*Task data*:

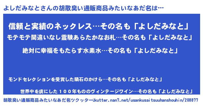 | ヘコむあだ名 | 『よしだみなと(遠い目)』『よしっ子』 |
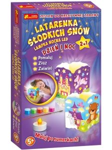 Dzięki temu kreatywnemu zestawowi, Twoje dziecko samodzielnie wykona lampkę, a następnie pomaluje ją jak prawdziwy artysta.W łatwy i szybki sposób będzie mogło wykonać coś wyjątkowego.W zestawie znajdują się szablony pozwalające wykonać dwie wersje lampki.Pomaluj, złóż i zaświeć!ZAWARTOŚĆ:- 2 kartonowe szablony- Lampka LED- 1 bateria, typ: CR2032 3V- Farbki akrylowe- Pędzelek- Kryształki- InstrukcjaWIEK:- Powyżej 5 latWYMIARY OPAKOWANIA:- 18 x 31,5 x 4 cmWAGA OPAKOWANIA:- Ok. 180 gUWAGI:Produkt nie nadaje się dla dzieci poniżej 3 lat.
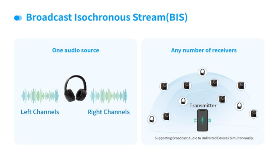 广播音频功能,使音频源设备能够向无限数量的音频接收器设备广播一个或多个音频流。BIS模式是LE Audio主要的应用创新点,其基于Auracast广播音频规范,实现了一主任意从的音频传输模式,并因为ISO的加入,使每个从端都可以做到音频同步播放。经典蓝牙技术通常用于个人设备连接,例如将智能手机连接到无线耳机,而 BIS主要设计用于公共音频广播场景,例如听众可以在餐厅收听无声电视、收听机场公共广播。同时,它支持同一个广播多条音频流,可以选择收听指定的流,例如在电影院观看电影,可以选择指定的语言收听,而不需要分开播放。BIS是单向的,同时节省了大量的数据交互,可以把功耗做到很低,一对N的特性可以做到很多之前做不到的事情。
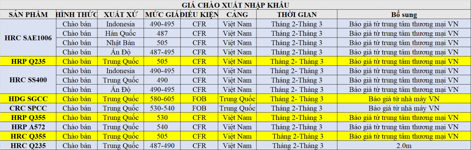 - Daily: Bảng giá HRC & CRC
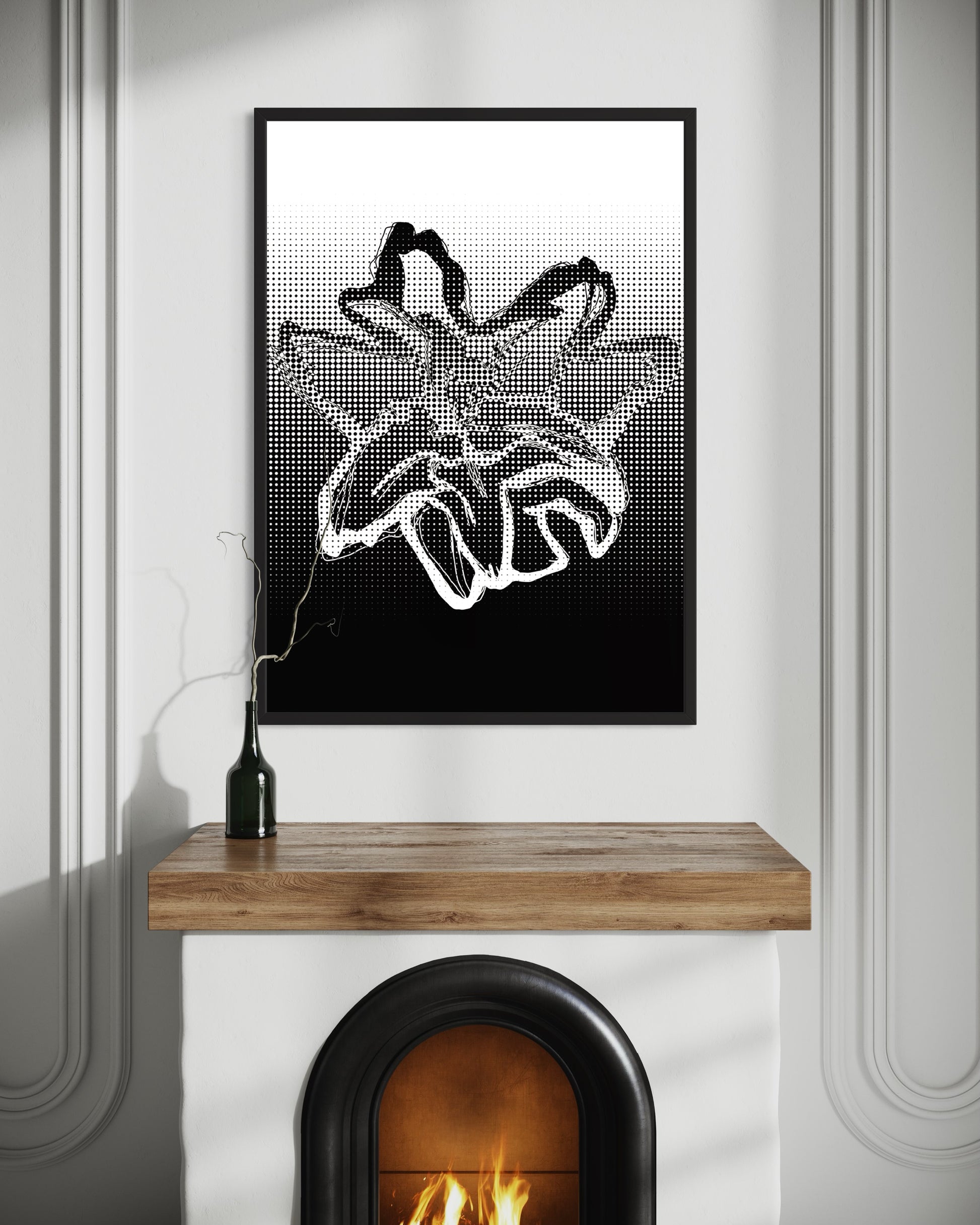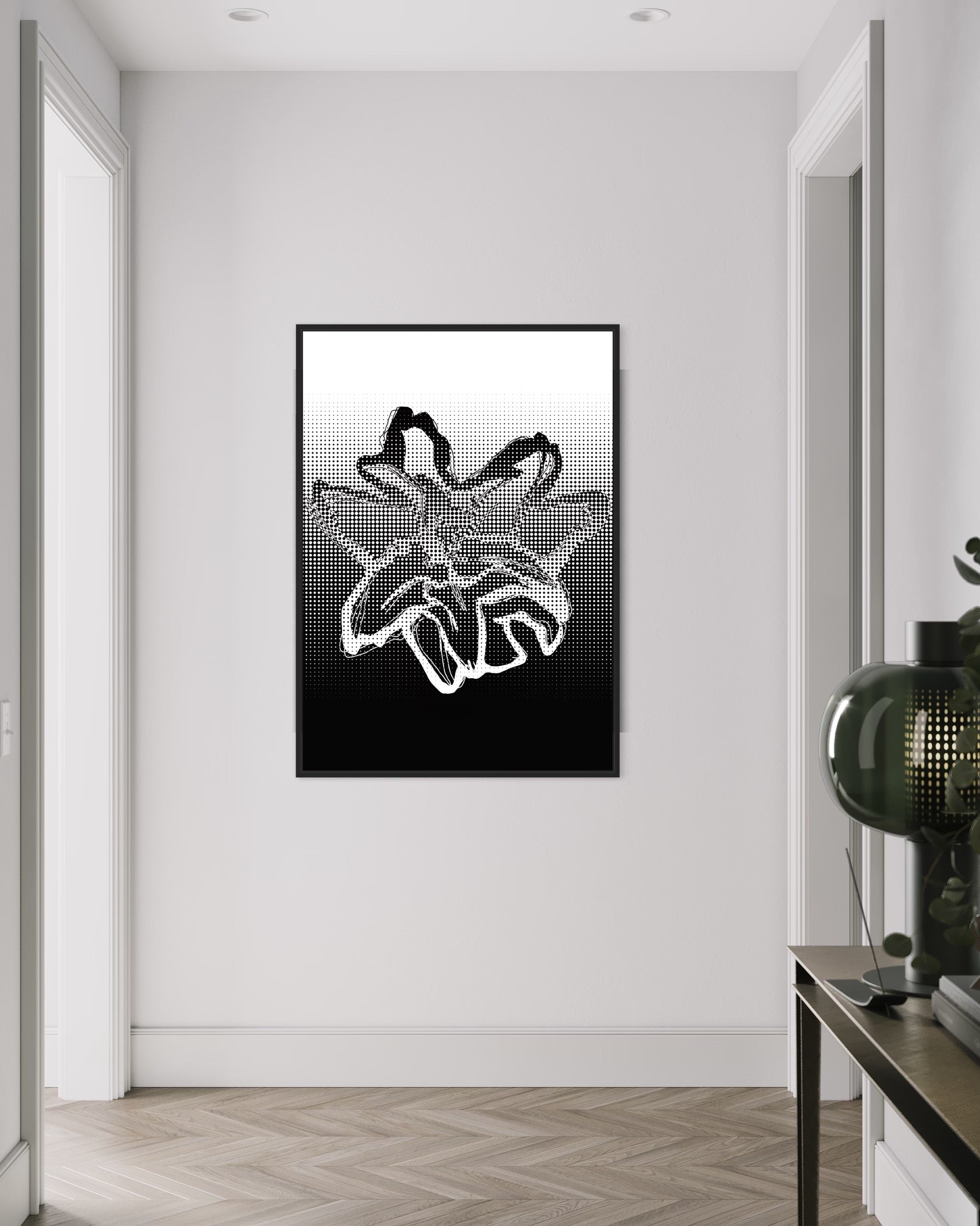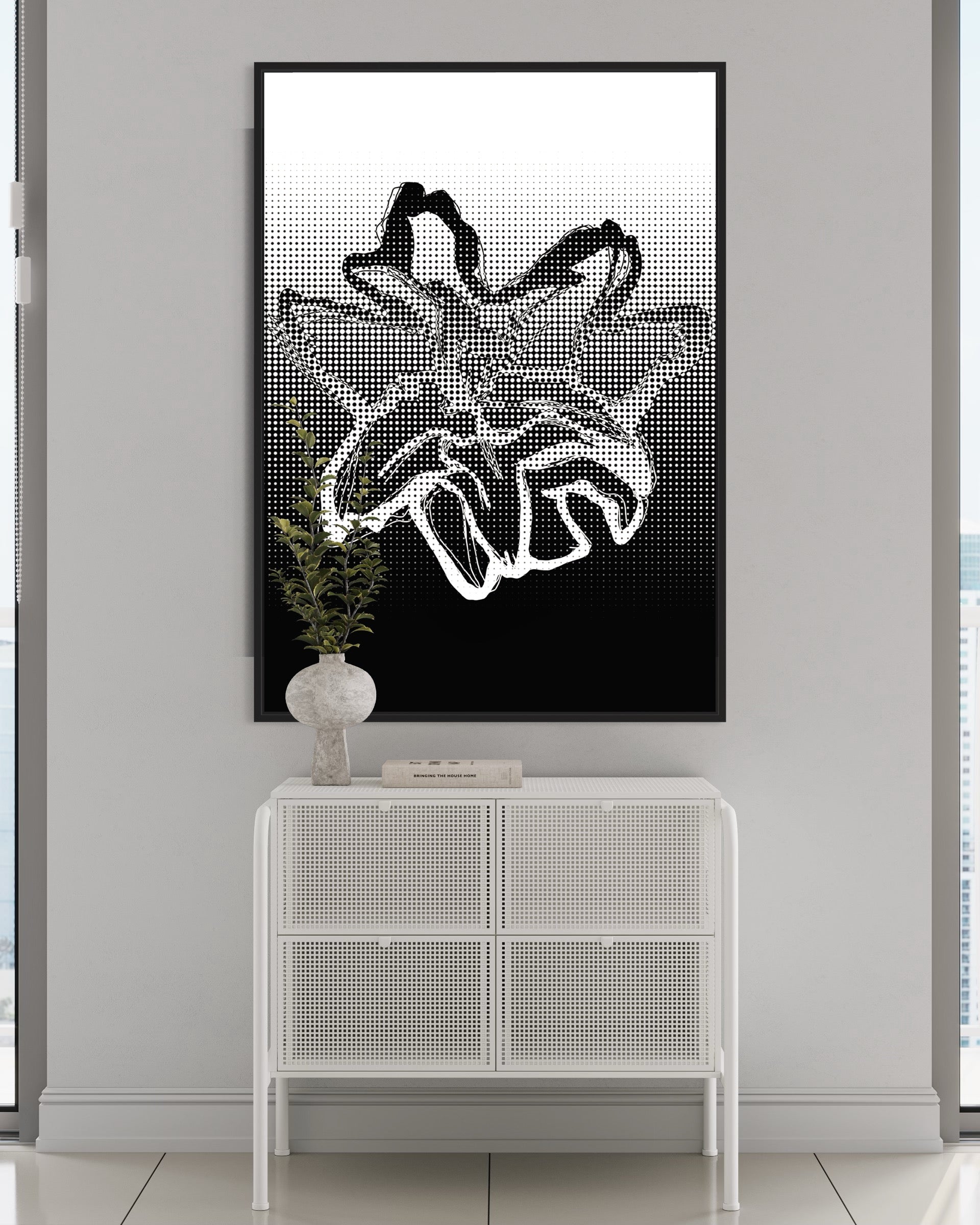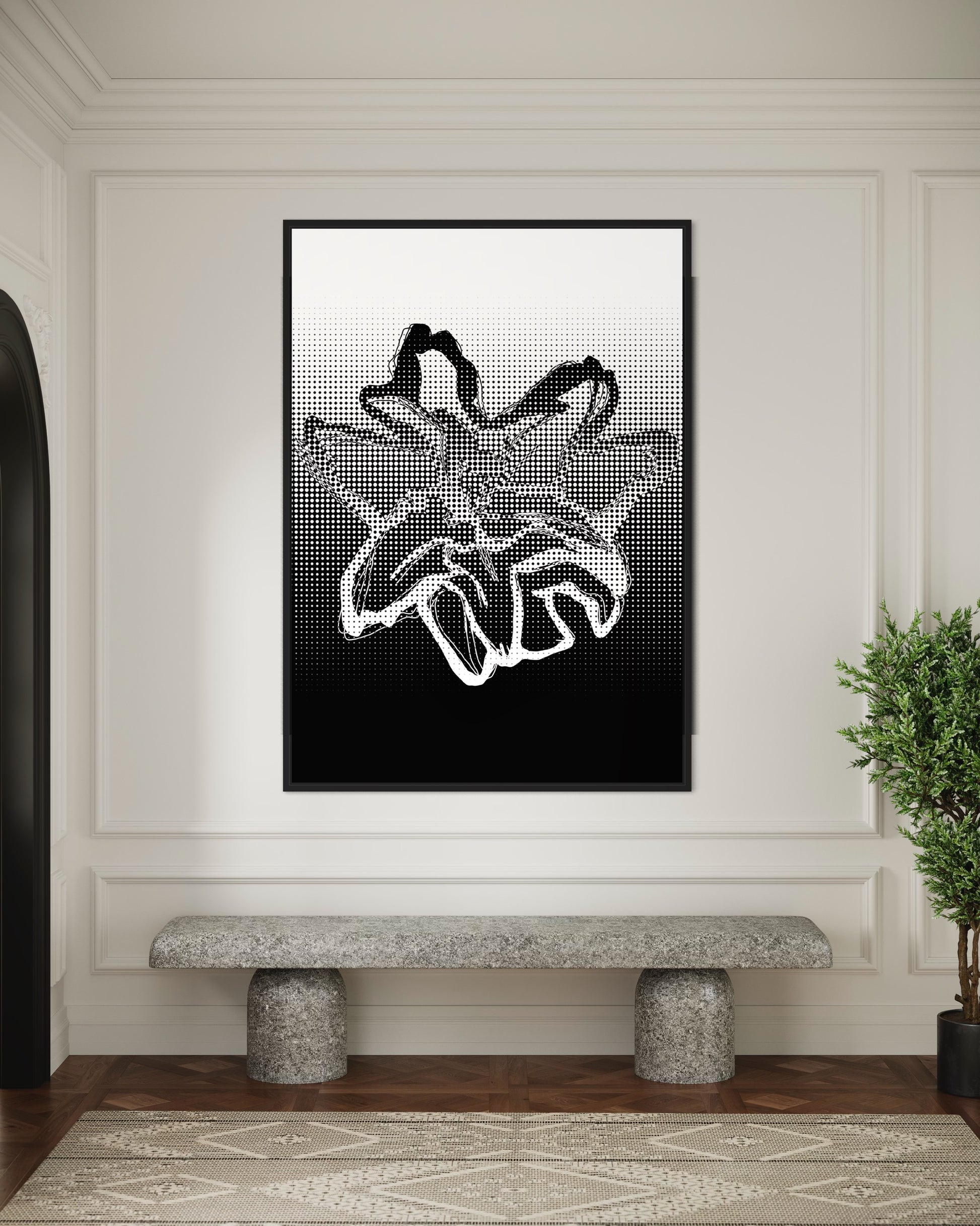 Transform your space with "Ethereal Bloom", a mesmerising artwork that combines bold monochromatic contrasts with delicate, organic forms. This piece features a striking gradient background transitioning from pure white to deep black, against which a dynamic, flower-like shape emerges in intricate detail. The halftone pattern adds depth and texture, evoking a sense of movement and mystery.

* * *

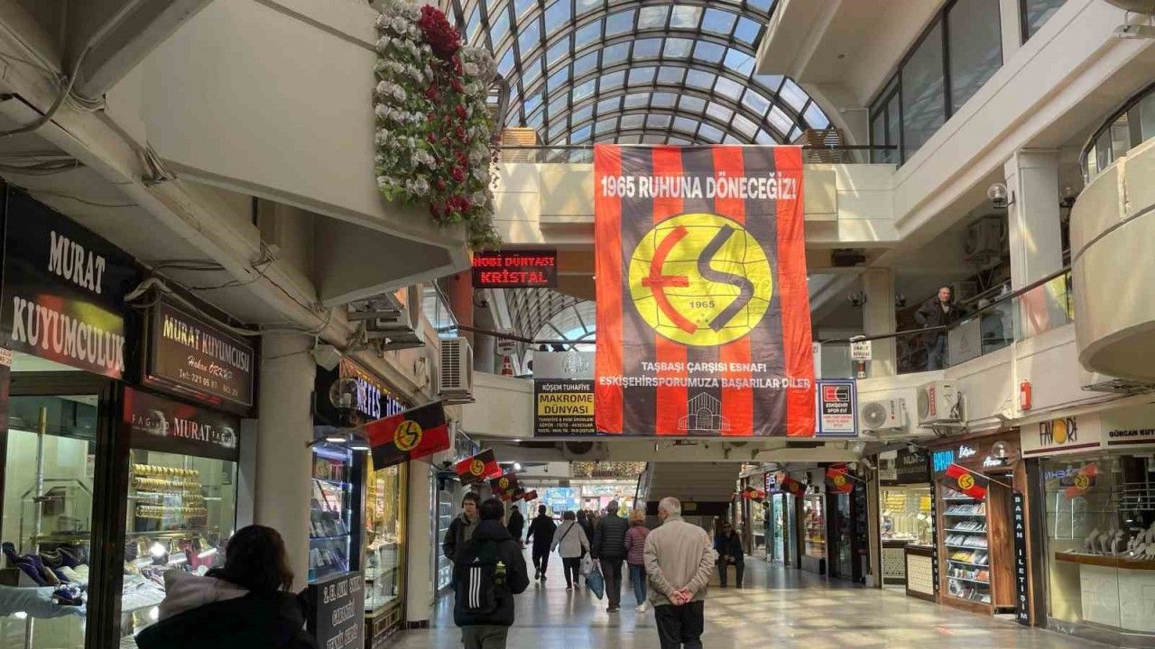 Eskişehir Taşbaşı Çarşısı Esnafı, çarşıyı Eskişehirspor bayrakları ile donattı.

*About this exercise*: Write out again exactly the lines above from the one with "ヘコむあだ名 | 『よしだみなと(遠い目)』『よしっ子』 |" through the one with "Transform your space", adding no other lines and no pictures.

*Expected answer*:
 | ヘコむあだ名 | 『よしだみなと(遠い目)』『よしっ子』 |
 Dzięki temu kreatywnemu zestawowi, Twoje dziecko samodzielnie wykona lampkę, a następnie pomaluje ją jak prawdziwy artysta.W łatwy i szybki sposób będzie mogło wykonać coś wyjątkowego.W zestawie znajdują się szablony pozwalające wykonać dwie wersje lampki.Pomaluj, złóż i zaświeć!ZAWARTOŚĆ:- 2 kartonowe szablony- Lampka LED- 1 bateria, typ: CR2032 3V- Farbki akrylowe- Pędzelek- Kryształki- InstrukcjaWIEK:- Powyżej 5 latWYMIARY OPAKOWANIA:- 18 x 31,5 x 4 cmWAGA OPAKOWANIA:- Ok. 180 gUWAGI:Produkt nie nadaje się dla dzieci poniżej 3 lat.
 广播音频功能,使音频源设备能够向无限数量的音频接收器设备广播一个或多个音频流。BIS模式是LE Audio主要的应用创新点,其基于Auracast广播音频规范,实现了一主任意从的音频传输模式,并因为ISO的加入,使每个从端都可以做到音频同步播放。经典蓝牙技术通常用于个人设备连接,例如将智能手机连接到无线耳机,而 BIS主要设计用于公共音频广播场景,例如听众可以在餐厅收听无声电视、收听机场公共广播。同时,它支持同一个广播多条音频流,可以选择收听指定的流,例如在电影院观看电影,可以选择指定的语言收听,而不需要分开播放。BIS是单向的,同时节省了大量的数据交互,可以把功耗做到很低,一对N的特性可以做到很多之前做不到的事情。
 - Daily: Bảng giá HRC & CRC
 Transform your space with "Ethereal Bloom", a mesmerising artwork that combines bold monochromatic contrasts with delicate, organic forms. This piece features a striking gradient background transitioning from pure white to deep black, against which a dynamic, flower-like shape emerges in intricate detail. The halftone pattern adds depth and texture, evoking a sense of movement and mystery.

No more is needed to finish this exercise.